Tuesday, 07 October 2014 10:30 AM

The high school class of 2014 turned in the lowest math scores on the SAT college-entrance exam since 2000, reinforcing concern that the U.S. is falling behind global rivals in science and math performance.

Math results dipped a point to 513 from last year, while writing fell to 487, the lowest mark since that portion of the test was first given to the class of 2006. Reading scores rose by a point.

“Flat and stagnant would be the words that we would use,” Cyndie Schmeiser, chief of assessment at the College Board, which administers the test, said on a call with reporters.

U.S. teenagers lag behind peers from Asia in international tests of math, reading and science, prompting calls for the country to improve its educational standards. Fewer than half, or 42.6 percent, of SAT takers met benchmarks to show they are prepared for college-level work, compared with 42.7 percent last year.

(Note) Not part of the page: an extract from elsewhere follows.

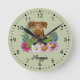 Destei's original cartoon illustration of an adorable Airedale Terrier breed dog's head close-up surrounded by colourful summer wildflowers. There is a blush pink flower, a purple flower, a dark pink flower and a white daisy flower together with some green leaves and branches. The background colour is green with a light polka dot pattern. The background colour can be changed to any other colour and the polka dot pattern can be removed, if so wished. The hours are marked with numbers. The hours and minutes are shown with a dotted clock face. There is also a personalizable text area for a name or other custom text in a lovely script font.

The SAT is in the midst of a redesign to make the test more relevant. The new exam, to be offered in March 2016, will dispense with esoteric words, won’t deduct points for incorrect answers and will make the essay section optional. Almost 175,000 more students took the ACT, owned by ACT Inc. of Iowa City, Iowa, than the College Board’s SAT.

‘Same Old’

“Offering the same old test in the face of lasting problems is just not good enough,” David Coleman, president and chief executive officer of the New York-based College Board, said in a statement.

In the 2012 Programme for International Student Assessment, administered by the Organization for Economic Cooperation and Development, the U.S. placed below average in math and about average in reading and science among the 34 countries in the OECD. In math, U.S. students trailed those in Singapore, Taiwan, South Korea and Japan, as well as the Chinese regions of Hong Kong, Shanghai and Macau.

The number of SAT test takers in the class of 2014 was 1.67 million, up less than a percent from last year, compared with a 2.6 percent increase to 1.85 million for the ACT. The ACT numbers are likely to rise over at least the next two years, as more states decide to fund the test during the school day.

About a fifth of four-year colleges and universities in the U.S. have dropped the SAT or ACT as an admissions requirement, saying there are better ways to evaluate applicants. Many admission offices say high school transcripts are a better indicator of future college success.

Test Optional

At least 20 colleges joined the “test optional” wave in the past two years, including Wesleyan University in Middletown, Connecticut; Temple University in Philadelphia; and nearby Bryn Mawr College.

In the class of 2014, 10 states required and paid for their public school students to take the ACT when they were juniors. Two states were added for the Class of 2015 and six more will be added this year and will be reflected in the class of 2016 report, according to Ed Colby, a spokesman.

Illinois and Arkansas also pay for the test for school districts that approve it.

The College Board is working to encourage districts to make the SAT available during the school day, Schmeiser said. Currently three states, Maine, Delaware and Idaho, and the District of Columbia pay for students to take the SAT.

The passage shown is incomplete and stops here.